Excerpted data >>
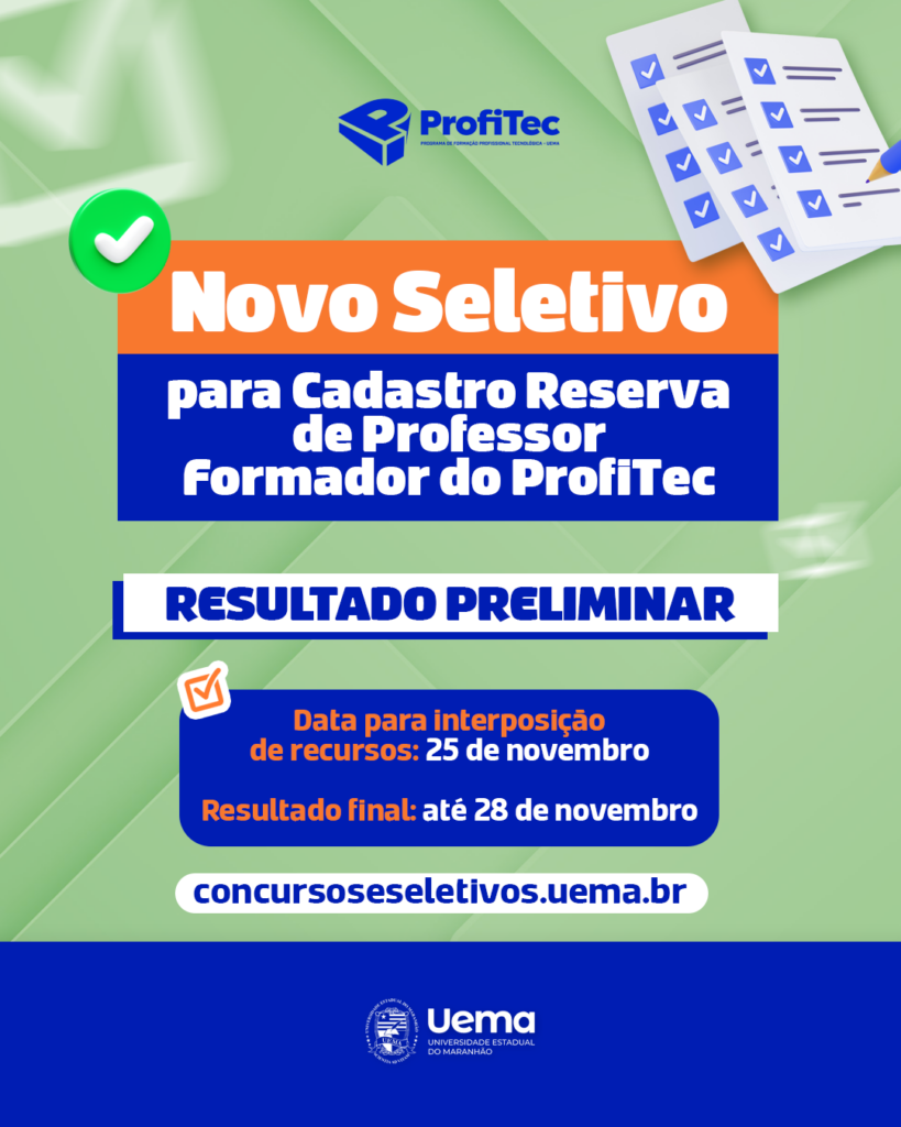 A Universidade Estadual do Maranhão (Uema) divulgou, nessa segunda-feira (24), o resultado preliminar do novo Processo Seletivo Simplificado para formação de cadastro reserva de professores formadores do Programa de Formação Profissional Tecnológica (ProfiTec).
--
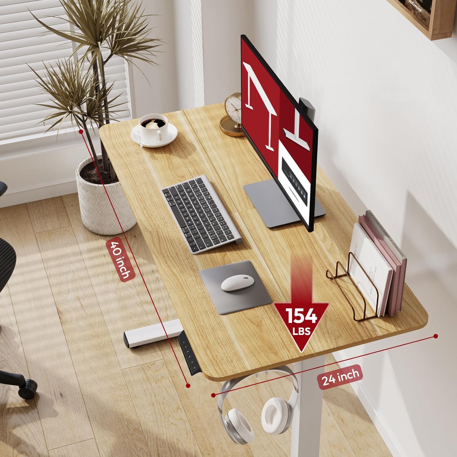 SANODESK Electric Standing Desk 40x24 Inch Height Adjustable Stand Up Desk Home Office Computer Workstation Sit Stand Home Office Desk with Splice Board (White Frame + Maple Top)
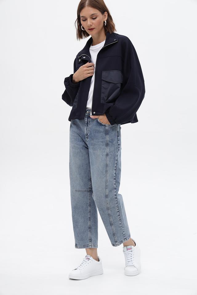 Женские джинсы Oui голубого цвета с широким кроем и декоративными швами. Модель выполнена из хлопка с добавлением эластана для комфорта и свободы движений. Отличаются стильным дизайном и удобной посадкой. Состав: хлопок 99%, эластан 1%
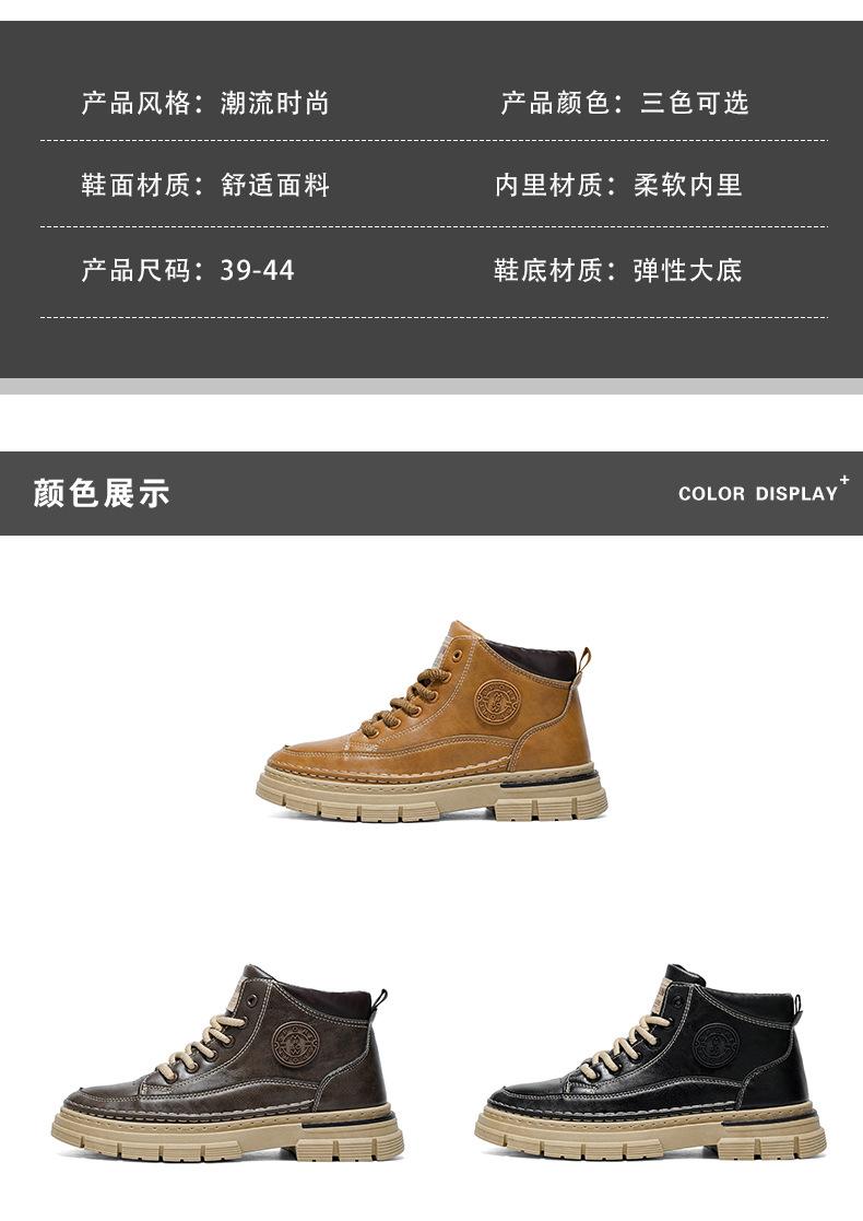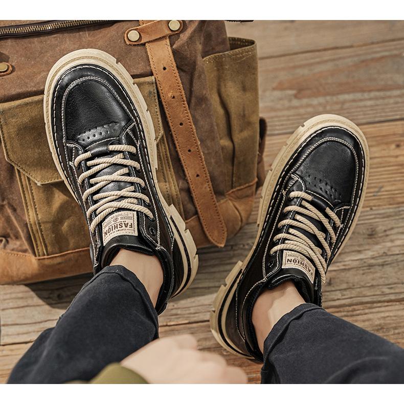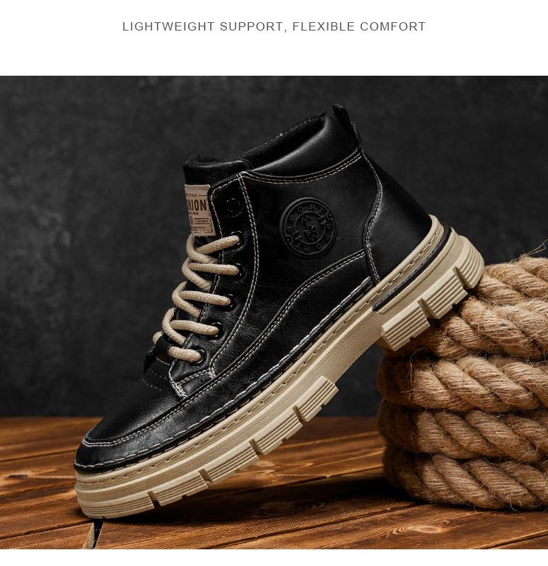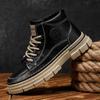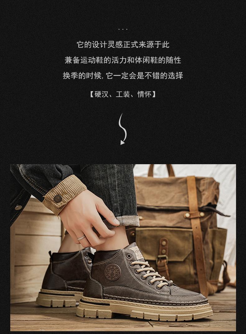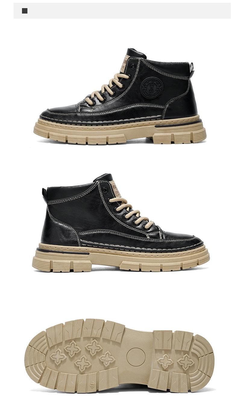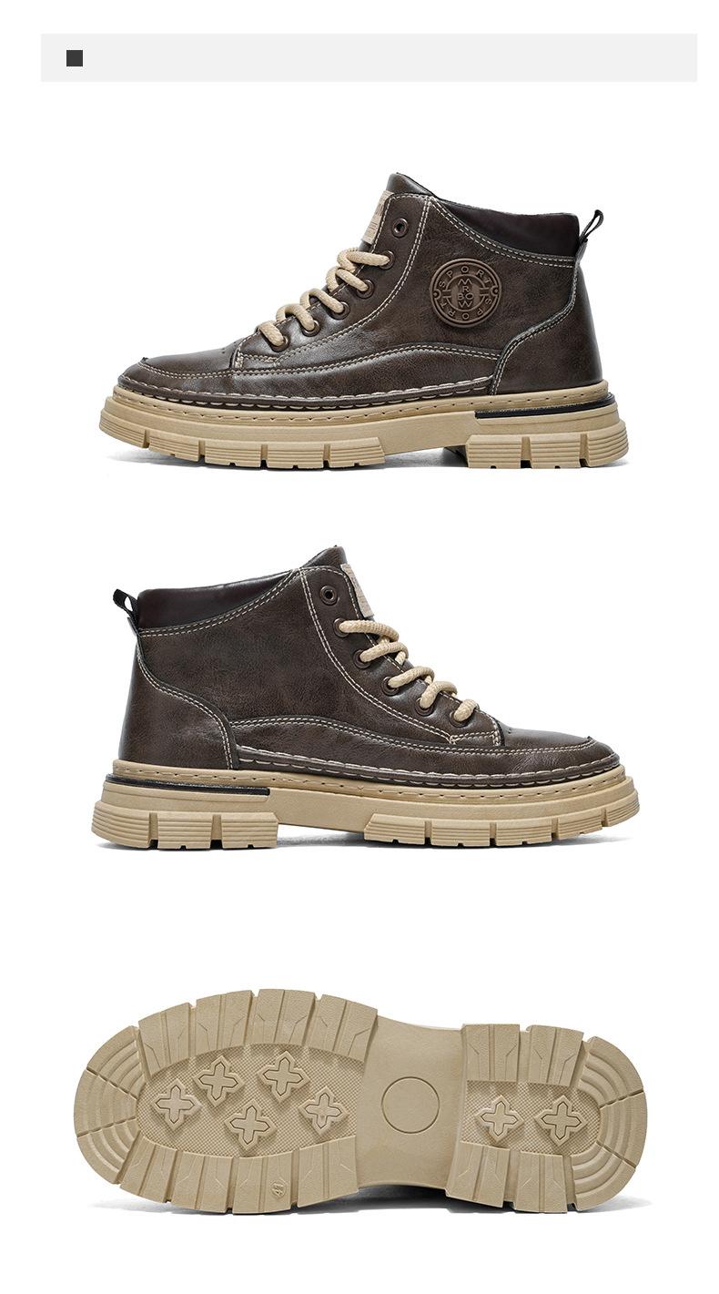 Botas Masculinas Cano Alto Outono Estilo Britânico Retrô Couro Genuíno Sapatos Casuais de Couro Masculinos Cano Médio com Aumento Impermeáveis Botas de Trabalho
---
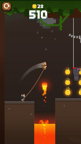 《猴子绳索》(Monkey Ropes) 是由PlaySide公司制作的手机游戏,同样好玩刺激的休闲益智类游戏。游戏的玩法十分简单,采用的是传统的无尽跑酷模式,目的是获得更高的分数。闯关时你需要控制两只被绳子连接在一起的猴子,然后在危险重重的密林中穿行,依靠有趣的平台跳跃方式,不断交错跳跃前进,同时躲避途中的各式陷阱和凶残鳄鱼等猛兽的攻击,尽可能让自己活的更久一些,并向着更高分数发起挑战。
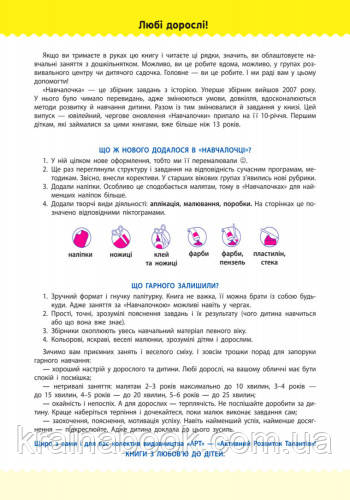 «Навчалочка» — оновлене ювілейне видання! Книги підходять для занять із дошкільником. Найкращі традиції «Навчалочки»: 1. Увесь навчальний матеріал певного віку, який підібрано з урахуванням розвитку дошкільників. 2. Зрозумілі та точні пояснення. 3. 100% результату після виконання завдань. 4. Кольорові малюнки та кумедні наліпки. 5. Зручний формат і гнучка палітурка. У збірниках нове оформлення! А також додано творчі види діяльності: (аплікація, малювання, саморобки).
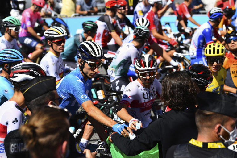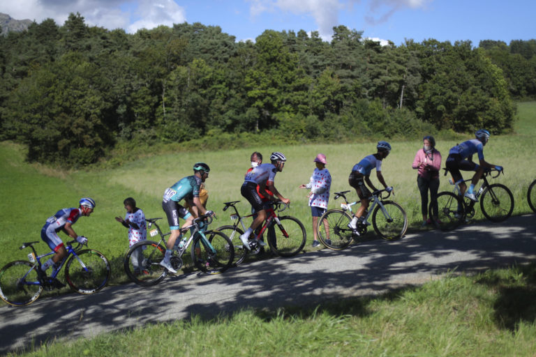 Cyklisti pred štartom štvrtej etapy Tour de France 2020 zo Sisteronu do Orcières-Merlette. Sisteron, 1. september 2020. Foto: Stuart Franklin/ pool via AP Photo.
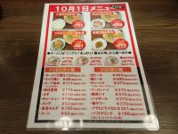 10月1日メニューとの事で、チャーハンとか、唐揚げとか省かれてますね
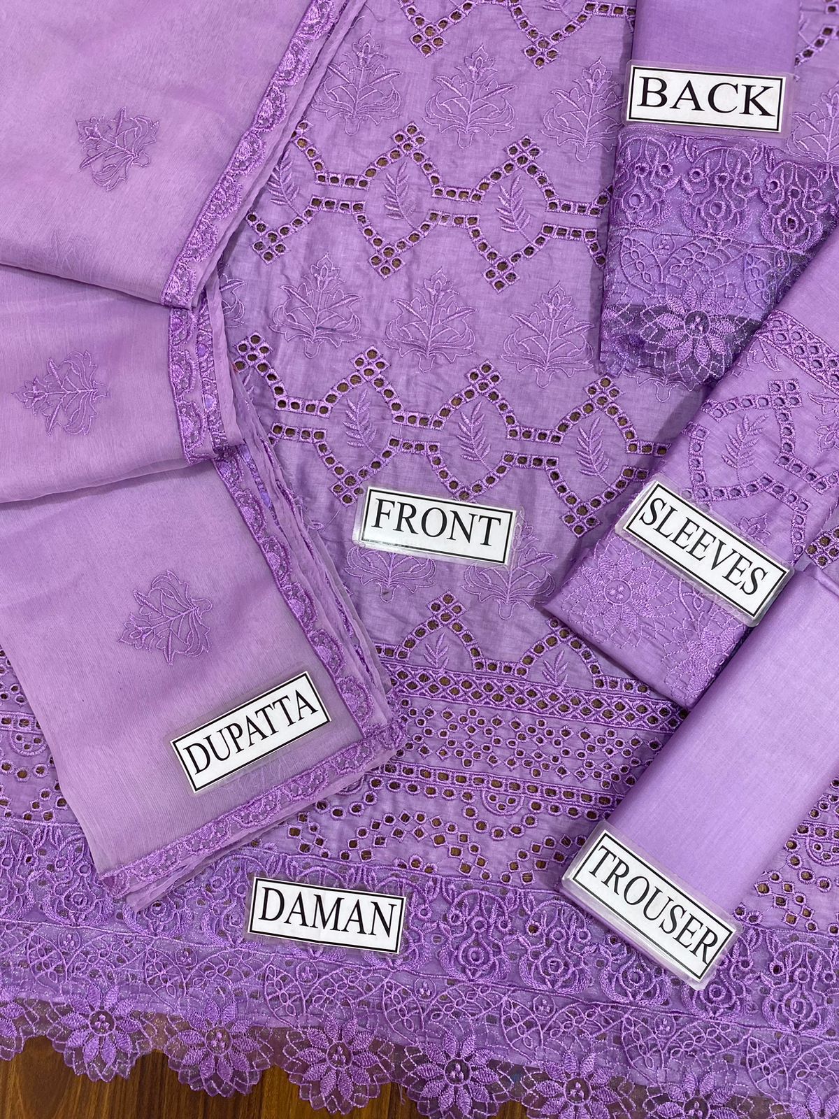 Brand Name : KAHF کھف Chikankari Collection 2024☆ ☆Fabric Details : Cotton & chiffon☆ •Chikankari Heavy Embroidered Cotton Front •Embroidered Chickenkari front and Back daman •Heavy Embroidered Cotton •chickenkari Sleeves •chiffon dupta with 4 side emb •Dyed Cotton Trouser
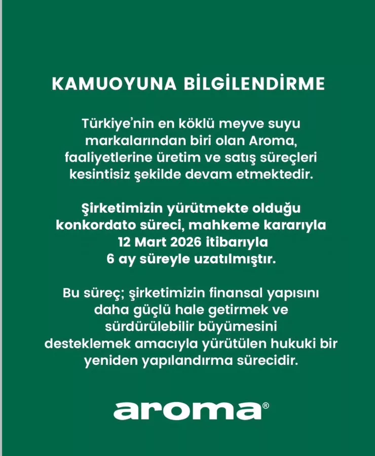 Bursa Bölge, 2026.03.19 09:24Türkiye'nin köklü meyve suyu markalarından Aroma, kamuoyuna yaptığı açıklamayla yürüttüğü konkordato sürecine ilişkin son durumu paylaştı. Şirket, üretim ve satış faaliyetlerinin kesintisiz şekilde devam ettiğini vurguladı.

Exercise >> Repeat exactly the stretch of the listing above that starts with the line holding "10月1日メニューとの事で、チャーハンとか、唐揚げとか省かれてますね" and finishes with the line holding "Bursa Bölge, 2026.03.19", both included. Skip every picture.

Response to this exercise >>
 10月1日メニューとの事で、チャーハンとか、唐揚げとか省かれてますね
 Brand Name : KAHF کھف Chikankari Collection 2024☆ ☆Fabric Details : Cotton & chiffon☆ •Chikankari Heavy Embroidered Cotton Front •Embroidered Chickenkari front and Back daman •Heavy Embroidered Cotton •chickenkari Sleeves •chiffon dupta with 4 side emb •Dyed Cotton Trouser
 Bursa Bölge, 2026.03.19 09:24Türkiye'nin köklü meyve suyu markalarından Aroma, kamuoyuna yaptığı açıklamayla yürüttüğü konkordato sürecine ilişkin son durumu paylaştı. Şirket, üretim ve satış faaliyetlerinin kesintisiz şekilde devam ettiğini vurguladı.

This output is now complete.